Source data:
——

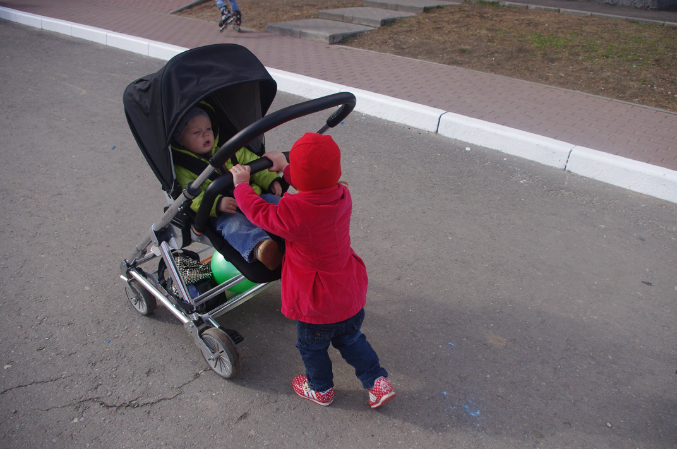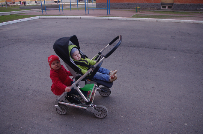 Класс, мы так иногда БД катаем. А если сиденье от мамы отвернуть, то можно малую ставить на перекладину между колес- ручками за бампер- и поехали :)
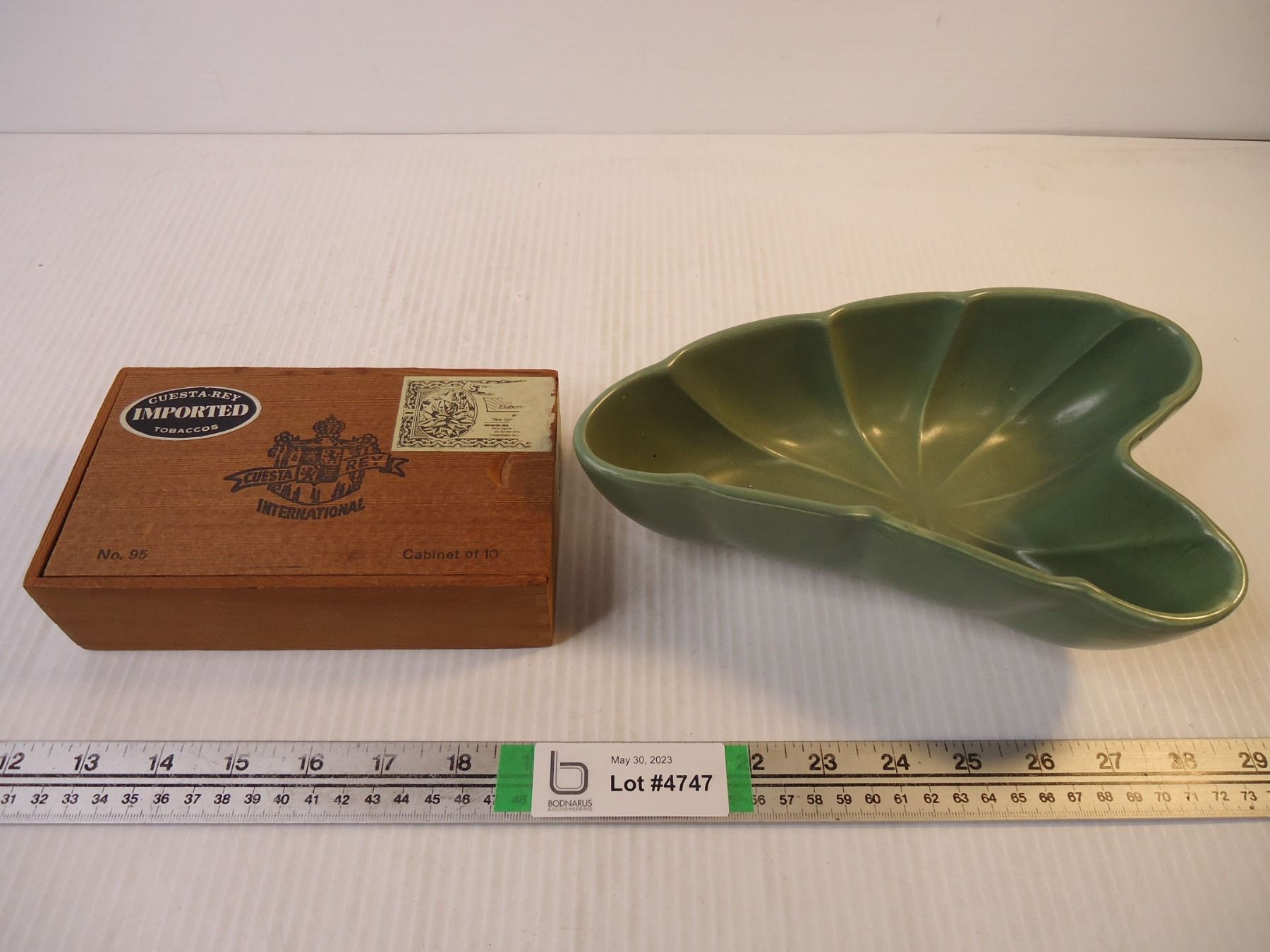 Vintage Regal USA 316 Art Pottery Green Leaf and Cigar Box
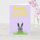Designed with a soft pastel lavender background, this card keeps the layout simple while still catching the eye. Across the upper area, a cheerful Easter message sits in thick, rounded yellow letters, spaced wide so it feels open and friendly. Below the text, a grey long-eared bunny 🐰 peeks up from the bottom edge, as if leaning in for a sweet hello. Its face is drawn with small black dot eyes and a gentle curved smile that reads like a warm, friendly glance. A band of bright green grass with jagged blades stretches across the lower section, partly hiding the bunny in a way that suggests a shy, affectionate moment. The flat color shapes and crisp outlines keep everything neat and easy to read, with the yellow words standing out strongly against the lavender field. A tiny 🌷 touch of spring energy comes through in the fresh green and the calm purple backdrop. The bunny’s ears rise above the grass line, rounded at the tips, with the green blades pointing upward in uneven rows.
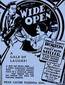 Wide Open is a 1930 American romantic comedy film directed by Archie Mayo, starring Edward Everett Horton and Patsy Ruth Miller, and featuring Louise Fazenda, T. Roy Barnes and Edna Murphy. Released by Warner Bros., it is based on the 1924 novel The Narrow Street by Edward Bateman Morris.
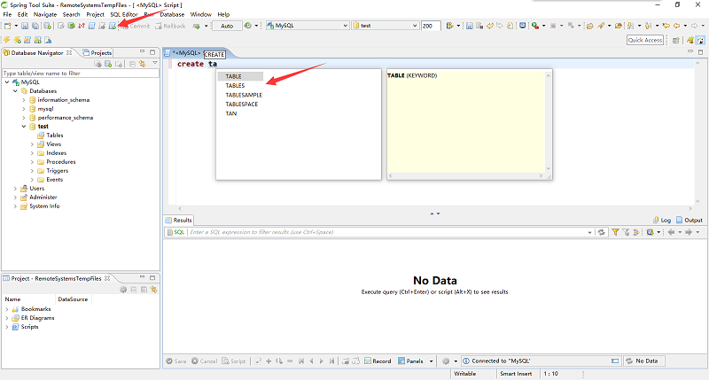有一些智能提示哦,比较可惜的是目前智能提示的还不够多,比如auto_increment都没提示,凑合用用吧^_^
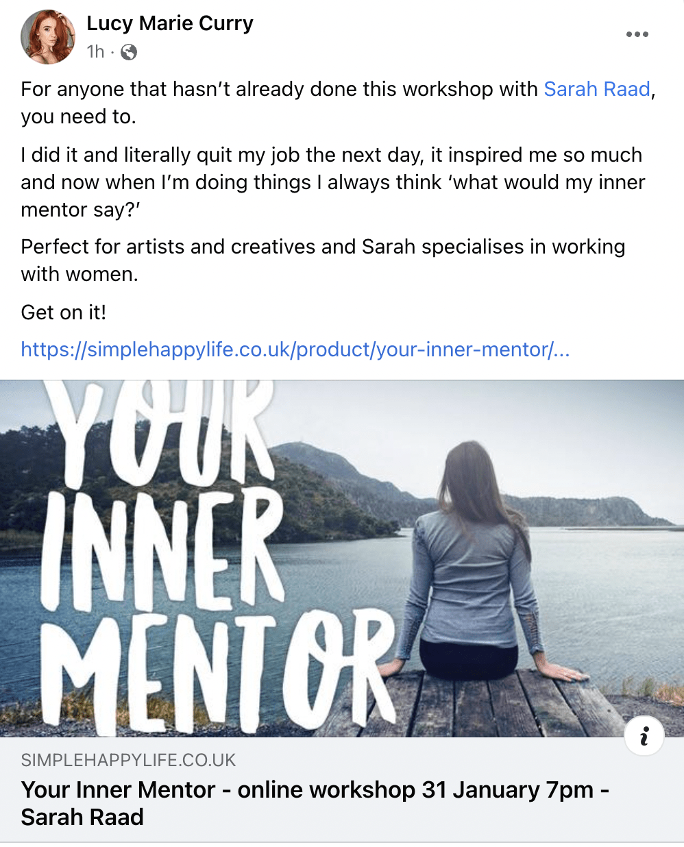 “Probably the most impactful workshop I have ever done. I made some big changes to my life after this and can pinpoint it as a real turning point for how I started to treat myself better and take my dreams seriously” – Caroline Brewster
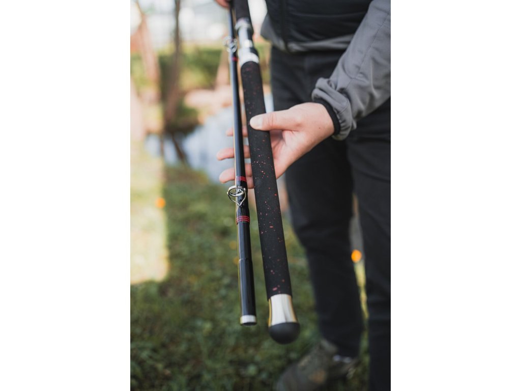 Díky své délce 3,1m a ohromující zátěži 600 - 1000 g, můžete bez jakýchkoli problémů zaseknout rybu i na daleké vzdálenosti. Konstrukce kovových oček LTC (očka bez keramiky ), zajistí že se očka nepoškodí při transportu. Spodní část prutů je vybavena kovovou koncovkou s gumovým dorazem. Další vychytávkou je kovové stylové a velmi robustní sedlo, díky kterému si můžete naviják opravdu pevně zajistit, tak aby se Vám při zdolávání neuvolnilo. Šroubení navijáku je zajištěno dvěma maticemi, mezi ně je vložena gumová podložka, která je u prutu této kategorie nutností! Ergonomická rukojeť z Eva materiálu, byla pečlivě vyvíjena, aby při zdolávání velkého sumce byla maximálně komfortní a měla správný průměr pro pevné uchopení prutu. Tento prut byl vyvíjen a testován českým a slovenským týmem Hell-Cat, bezmála tři roky než přišel konečně na trh. Délka : 3,1m Gramáž : 600-1000g Počet oček : 9ks Počet dílů : 2ks Transportní délka : 155cm Hmotnost : 722gDoplňkové parametry
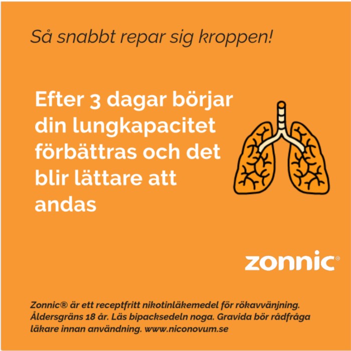 När du plötsligt slutar tillföra kroppen nikotin via tobak drabbas du av olika former av obehag, s.k. abstinensbesvär. Med hjälp av Zonnic Pepparmint kan du förhindra eller åtminstone minska dessa obehag genom att du fortsätter tillföra kroppen en liten mängd nikotin under en övergångsperiod. Råd och stöd ökar normalt chansen att lyckas.
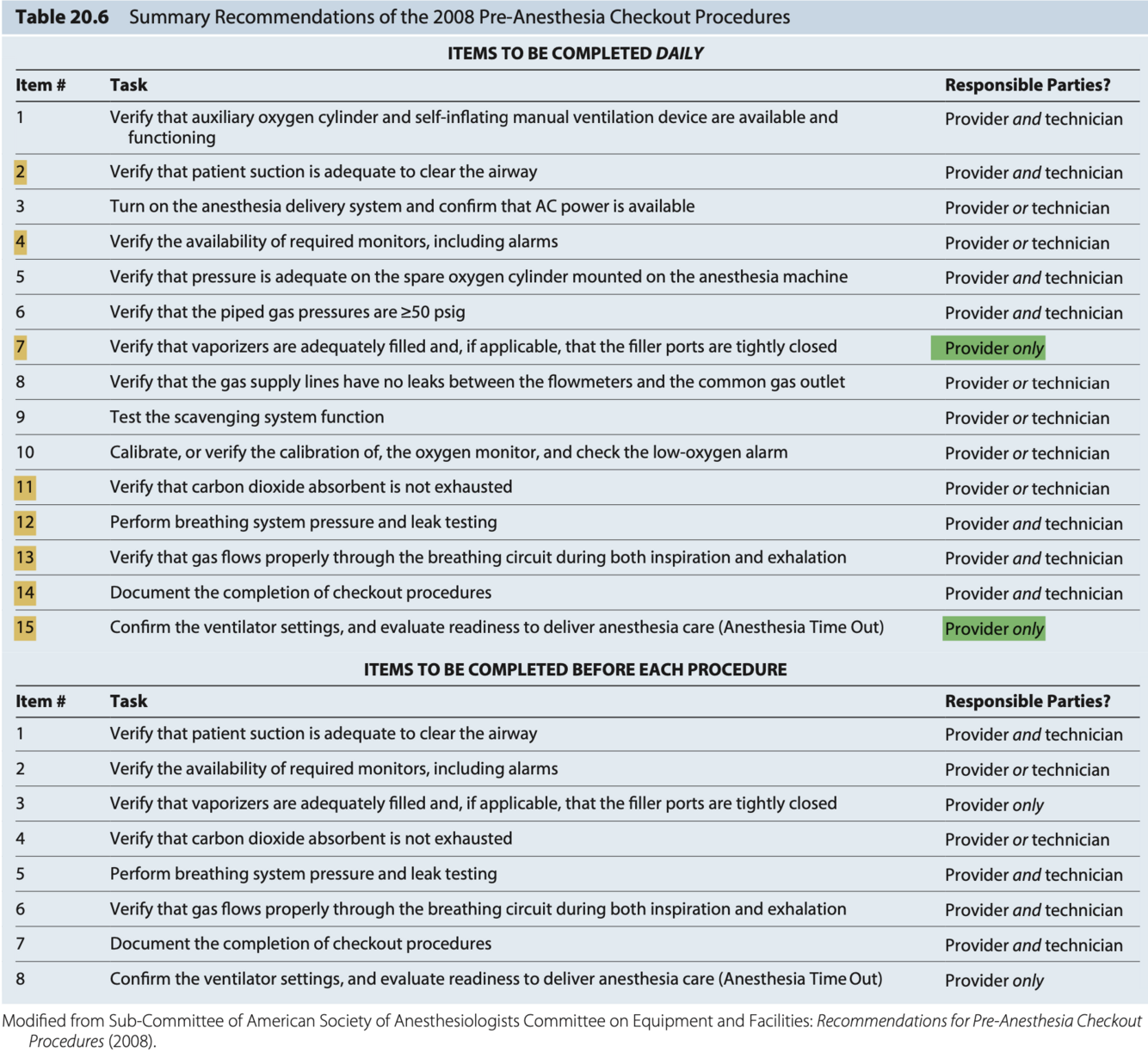 Summary Recommendations of the 2008 Pre- Anesthesia Checkout Procedures

——

- **WHAT YOU NEED TO DO**
Exactly and only the lines from the top of the records down to the line containing "Vintage Regal USA" should be transcribed, please, without the pictures.

- **SOLVED EXERCISE**
 Класс, мы так иногда БД катаем. А если сиденье от мамы отвернуть, то можно малую ставить на перекладину между колес- ручками за бампер- и поехали :)
 Vintage Regal USA 316 Art Pottery Green Leaf and Cigar Box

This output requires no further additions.